'Strange not facing Nadal,' says Djokovic before 10th Rome final

·2-min read

Novak Djokovic said on Sunday it felt "strange" not playing Rafael Nadal in the final of the Italian Open as he prepares to meet his great rival's slayer for the Rome trophy on Sunday.

The Serbian, a four-time winner, takes on Argentine Diego Schwartzman in his 10th final on the clay of the Foro Italico, after dominating Norwegian Casper Ruud 7-5, 6-3 in Sunday's semi-finals.

Eight seed Schwartzman battled past Canadian Denis Shapovalov 6-4, 5-7, 7-6 (7/4), a day after dumping Nadal in the quarter-finals.

"Of course, you know, with Nadal in the finals and without Nadal in the finals makes a big difference," said Djokovic, who has lost three to Nadal, including last season. 

"Most of the finals that I reached in the big events on clay I played against Rafa," continued the Serb. 

"So it's going to be strange not facing him."

Djokovic has won all four of his previous meetings against Schwartzman, but Nadal had beaten the Argentine in all nine of their previous meetings.

"I won't underestimate anybody that steps on the court against me tomorrow," said the 33-year-old Serb.

"Diego played the match of his life (against Nadal).

"He was so impressive.

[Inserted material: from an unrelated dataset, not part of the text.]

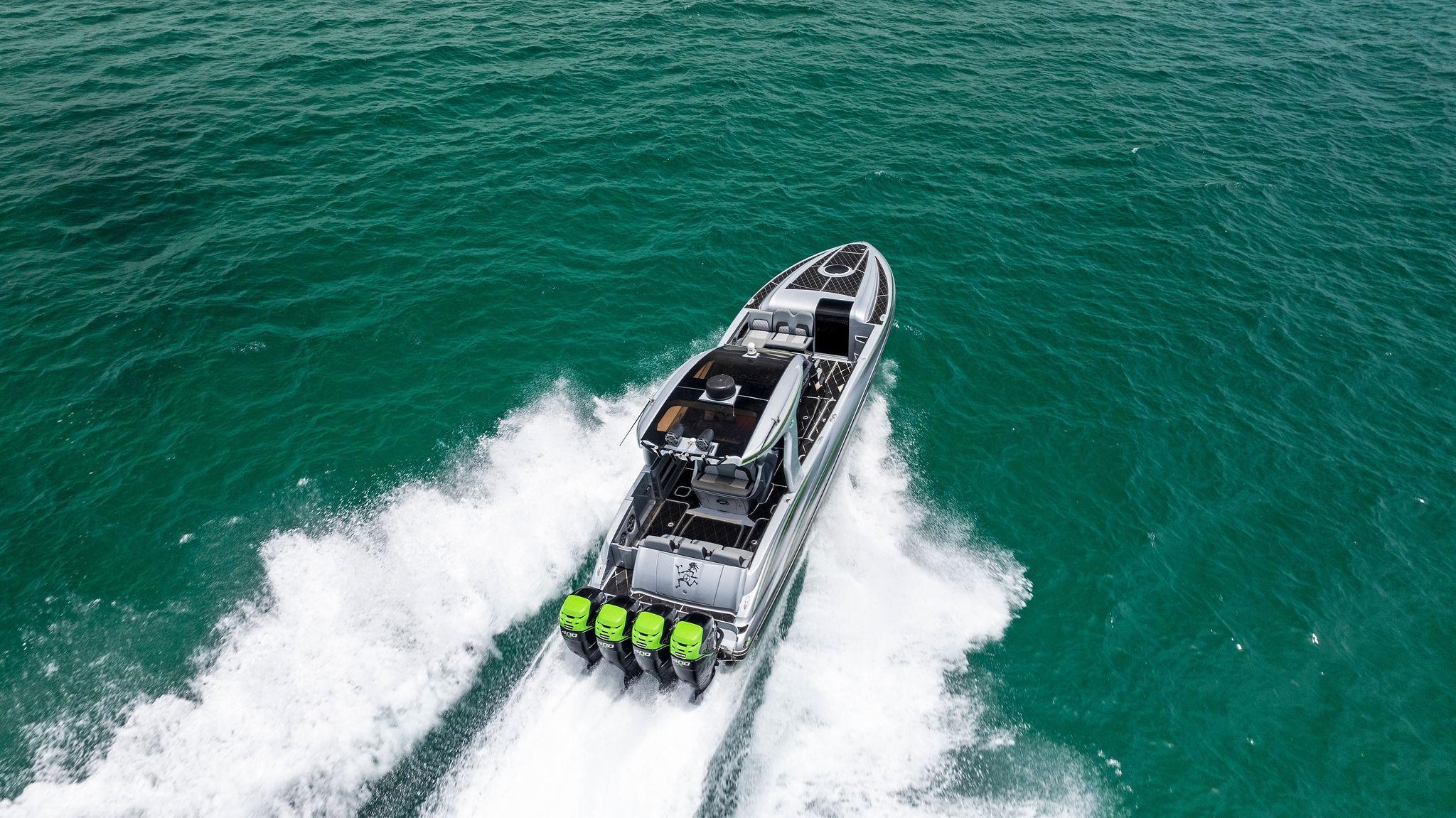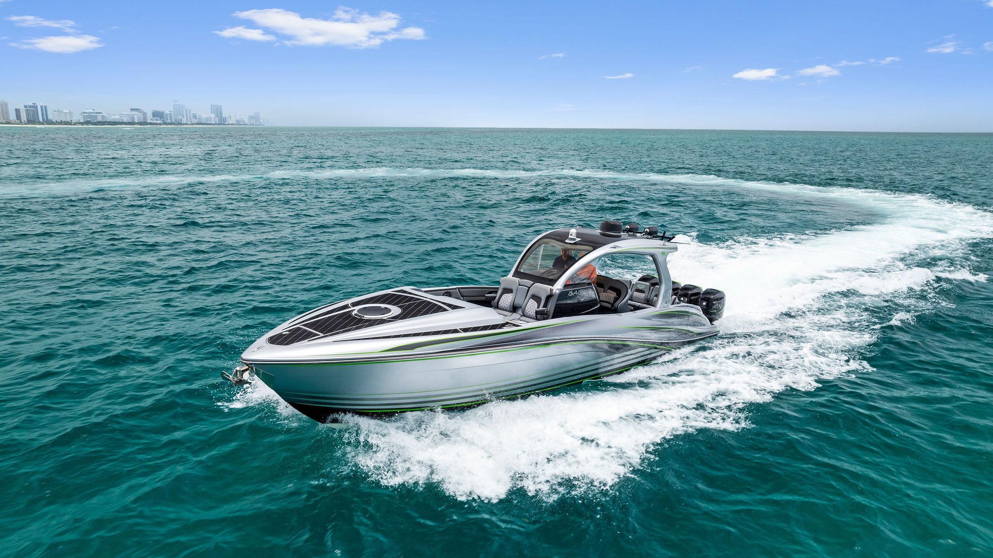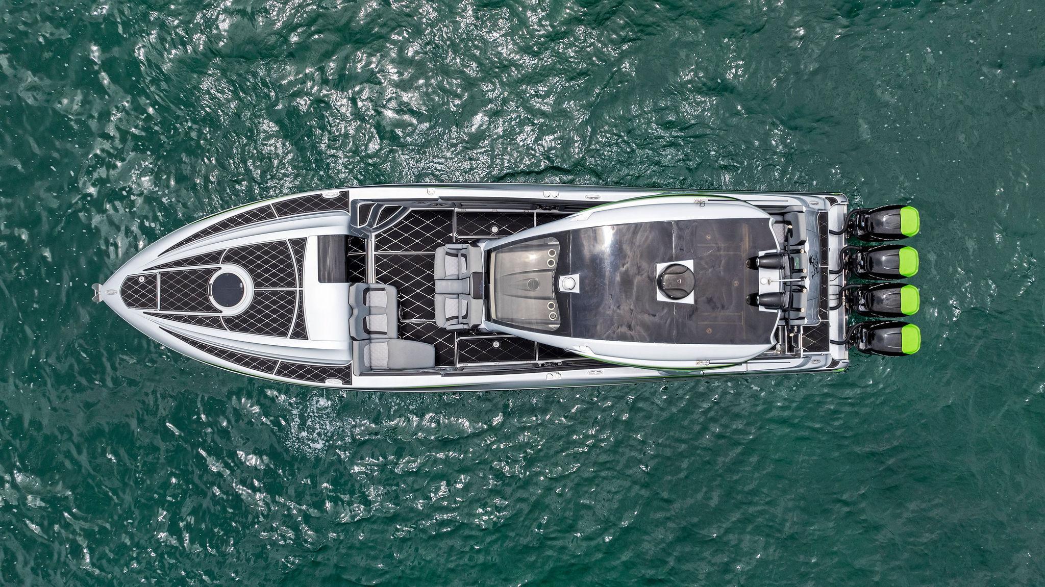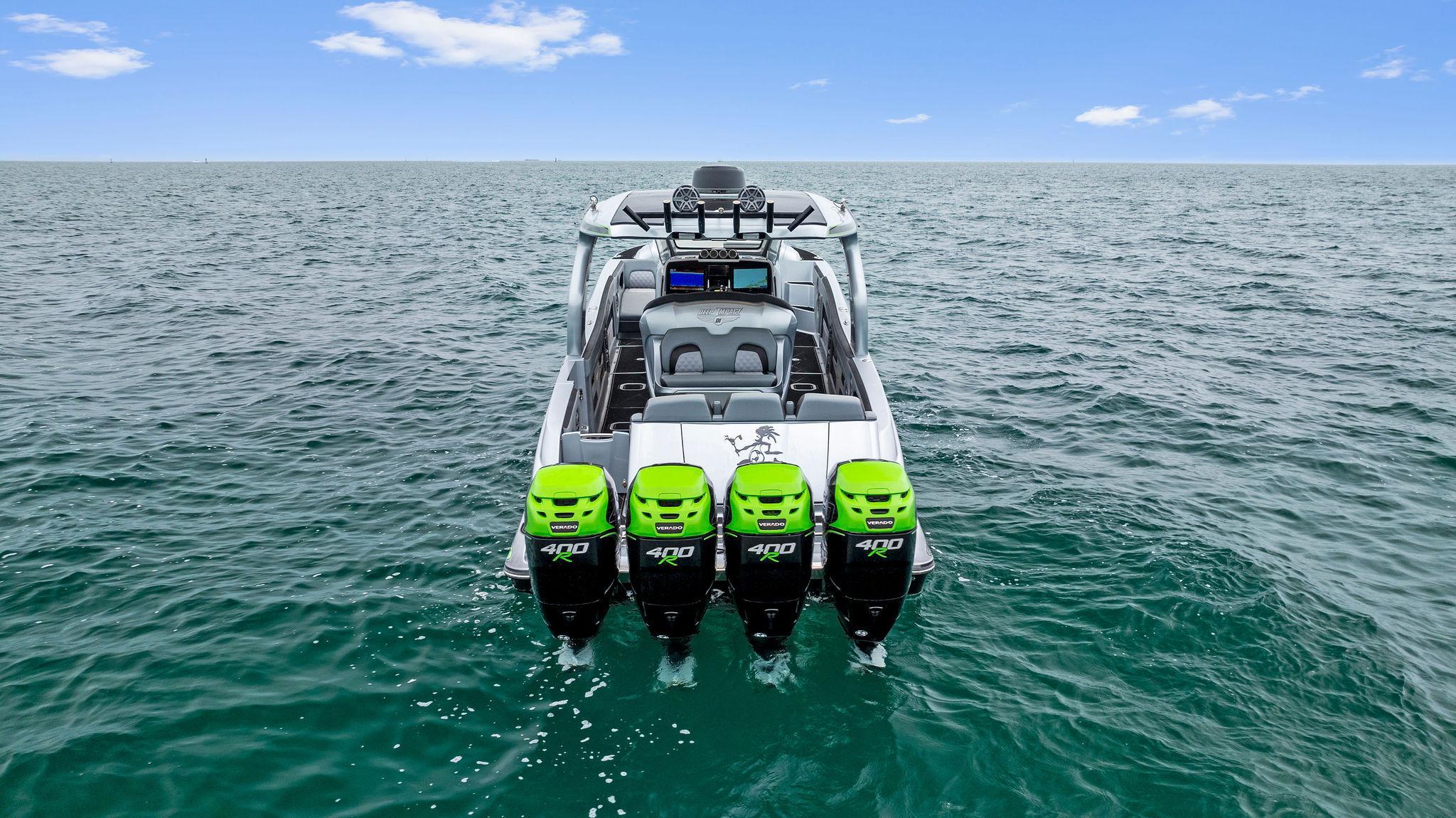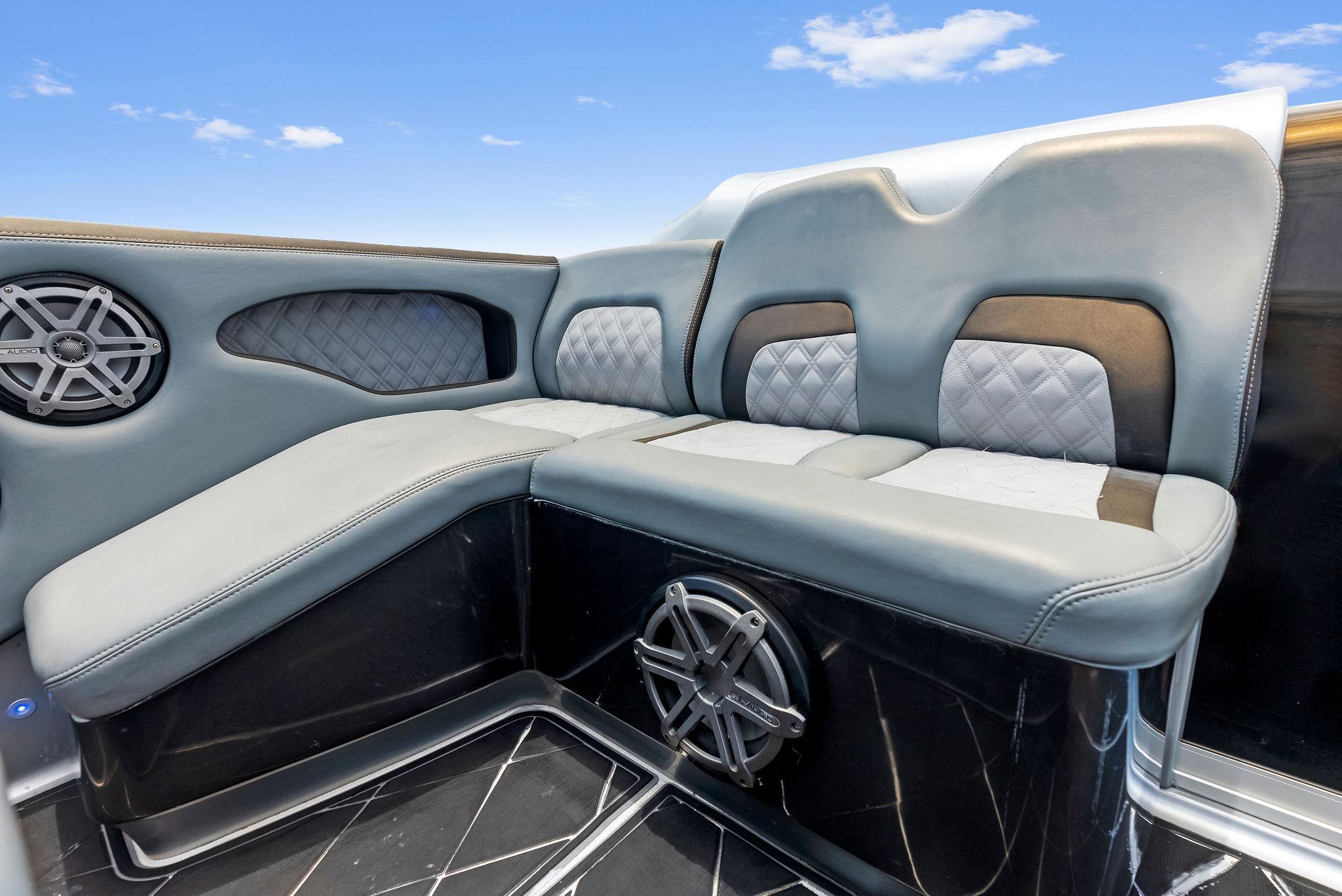 2018 Deep Impact 399 Cabin | BABYThe 399 Cabin is the best combination of an open center console that features a forward cabin for comfortable overnighting. A full V berth, hanging locker, galley and a bonus aft sleeping area come together in air-conditioned comfort. This boat also features a separate head under the console. What’s more is that all of this comes packaged in the look and ride of the new Deep Impact 399, a true offshore thoroughbred.FeaturesPowered by Quad Mercury Verado Racing 400HP Charcoal sea deck design Sky light hardtop Speakers & multicolor lightning Outstanding accommodations Features: Dual Garmin 17" GPS displays Premium JL audio stereo system with fusion head unit, 24 JL audio speakers, 8 amplifiers, 2 aft conesCustom modular helm bench/triple seat convertible center console w/ custom molded fiberglass frame & sealed tinted acrylic panel windshield. Rear starboard triple custom bench seating Luxury Cabin w/ TV, A/C, bed, kitchen with black Corian counter and backsplash cabinetry, a stainless sink, upright refrigerator, a microwave, & full hanging locker Port hinged dive door with custom marine stair Hardtop frame rod holders hardtop Freshwater washdown Bow thruster Underwater lightsLast maintenance was done at 300 hoursTrailer

And that proves that anything is possible, even Nadal who is probably the toughest challenge in our sport, playing Nadal on clay. 

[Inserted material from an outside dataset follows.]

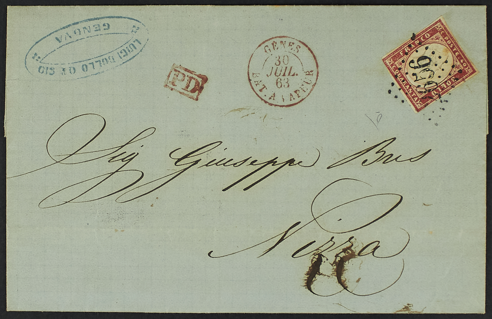 "2626" bollo a punti grandi cifre annullatore allo sbarco a Nizza di sardegna IV emissione 40 c. rosso vermiglio su lettera del 29 luglio spedita da Genova - Cert. Diena e Toselli
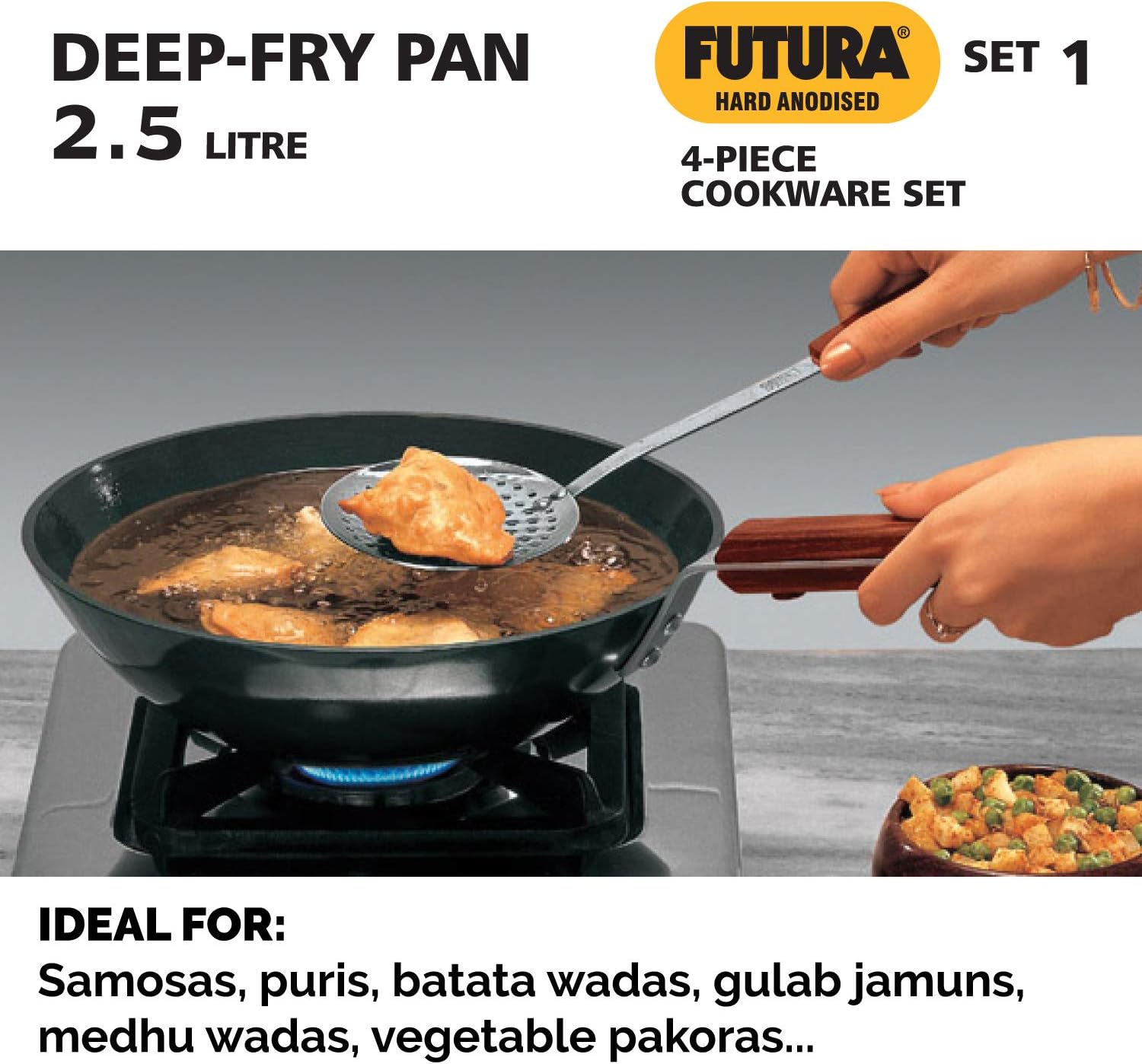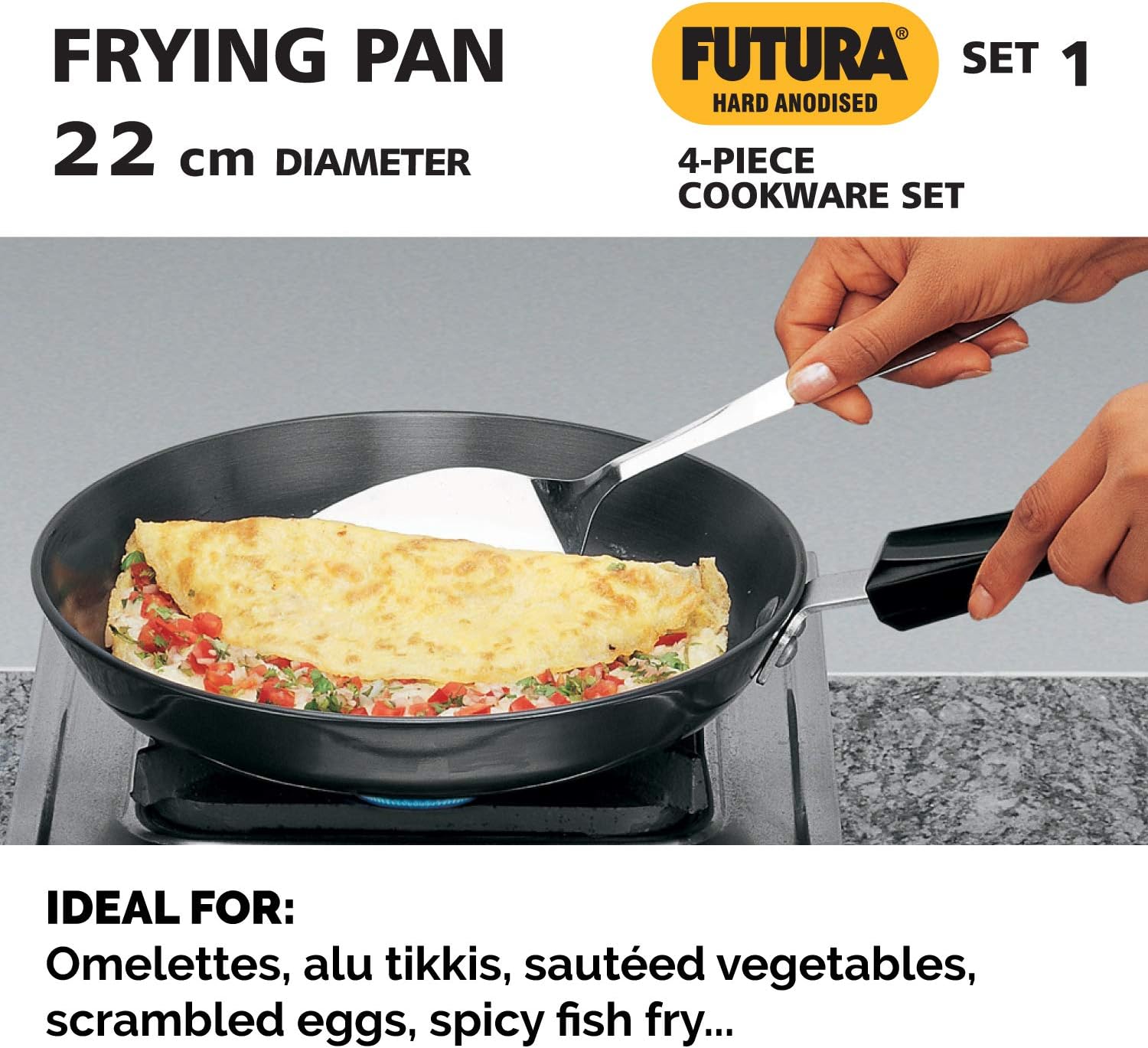 | Included Components | 1-Piece Futura Hard Anodised Tawa (26cm), 1-Piece Futura Hard Anodised Frying Pan (22cm), 1-Piece Futura Hard Anodised Deep-Fry Pan (2.5 Litres), 1-Piece Futura Hard Anodised Cook n Serve Bowl (3 Litres) |

"But he managed to win in straight sets, so that proves his quality."

Djokovic will bid for a record 36th Masters title on Sunday, being currently tied on 35 with Nadal.

For Schwartzman, ranked 15th, a top ten place in the world is at stake, and a fourth career title.

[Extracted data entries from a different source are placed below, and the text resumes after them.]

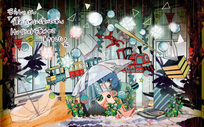 まらしぃさん(@marasy8)の新曲『僕のために泣いてくれ』MVイラストを描かせていただきました☔️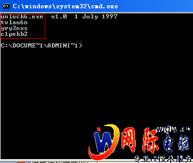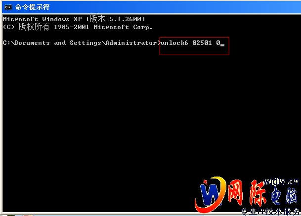 2;在另一臺 xp的電腦上運行附件-命令提示符 。鍵入“unlock6 xxxxxx 0” x代表得到的5位溢出碼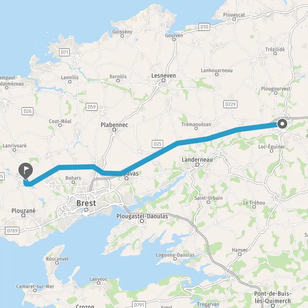 Au rond-point, prendre la 1ère sortie sur D67 (Route de Gouesnou) et continuer sur 2,8 kilomètres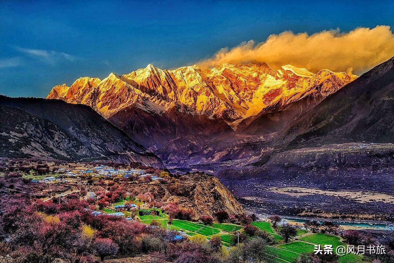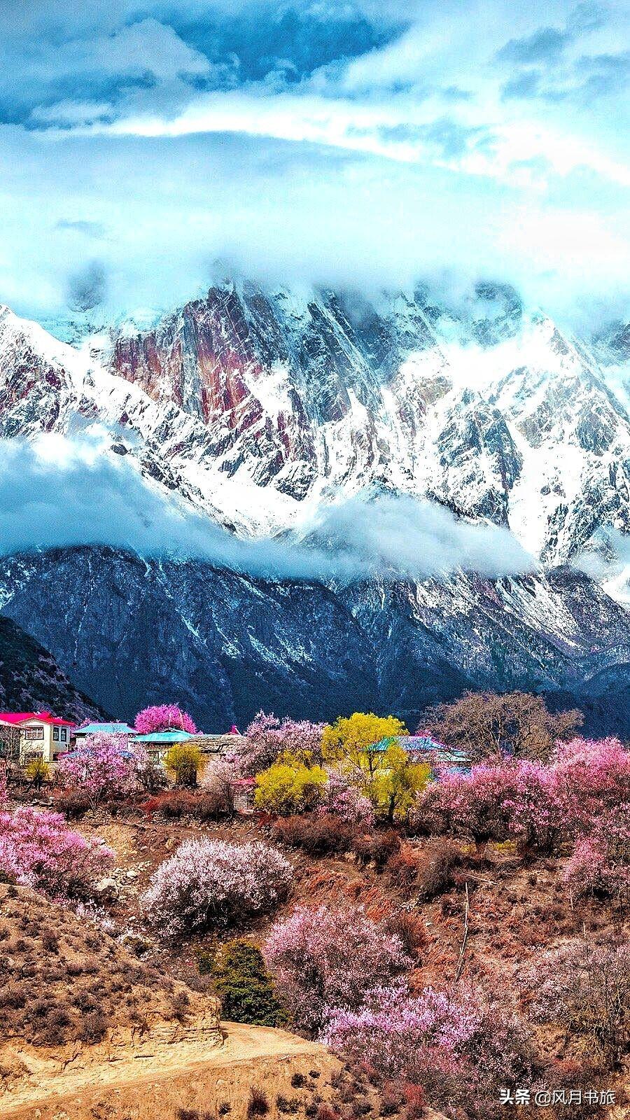 【波密桃花溝】密密麻麻的桃花綿延30多公里,遠(yuǎn)處的冰川雪山,近處桃花遮掩下色彩斑斕的藏式房屋,形成一大片浪漫的粉色海洋!

"I have two dreams, you know, tomorrow," said the 28-year-old from Buenos Aires. 

"One, it's winning a tournament like this. And the second one, be top 10. Both are there tomorrow on court against Novak. 

"I know it's very difficult. I need to play more than my 100%. I don't want to say impossible, because it's not impossible. 

"I know can beat him."

Djokovic was pushed in his first meeting with 34th-ranked Ruud, but knew how to tighten his game at key moments of an intense match, to the delight of the fans.

For the first time on Sunday a maximum of 1,000 people were authorised in the stands.

"I missed them a lot and all the players missed them," said Djokovic.

"I hope we will see more in the next tournaments as well, it was great news when we found out that we would be playing in front of an audience."